TASK REQUIREMENTS => Pick out the lines below with "board" and list them.
*** Opening MATERIAL PROVIDED ***
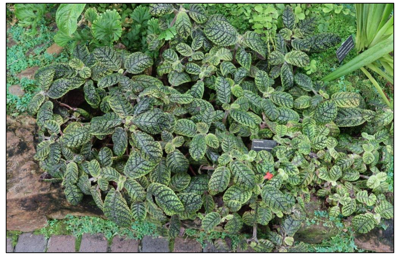
The rare Nautilocalyx erytranthus
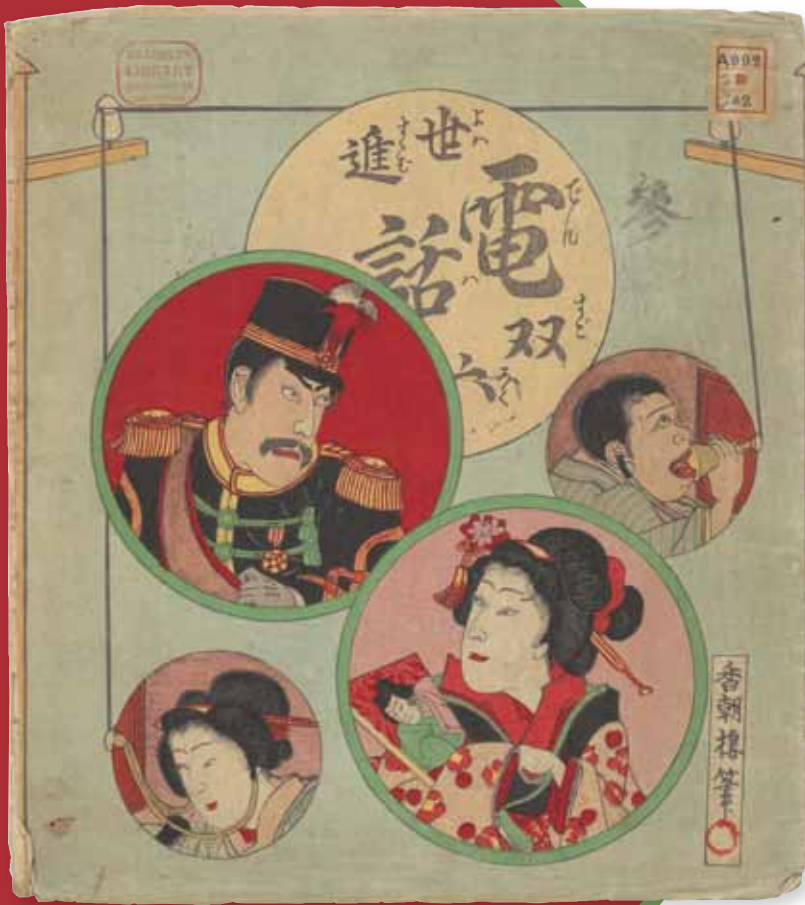
Double Sixes: The Telephone in the Changing World This wrapper touts artwork by Kōchōrō (Kunisada III); the game board it protected, however, names no artist. Publishers were known on occasion to commission a different, more celebrated artist to design the outer wrapper in order to spur sales.

possibly paired with instructions printed on the board itself.
*** Closing MATERIAL PROVIDED ***
RESULT OF THE TASK =>
Double Sixes: The Telephone in the Changing World This wrapper touts artwork by Kōchōrō (Kunisada III); the game board it protected, however, names no artist. Publishers were known on occasion to commission a different, more celebrated artist to design the outer wrapper in order to spur sales.
possibly paired with instructions printed on the board itself.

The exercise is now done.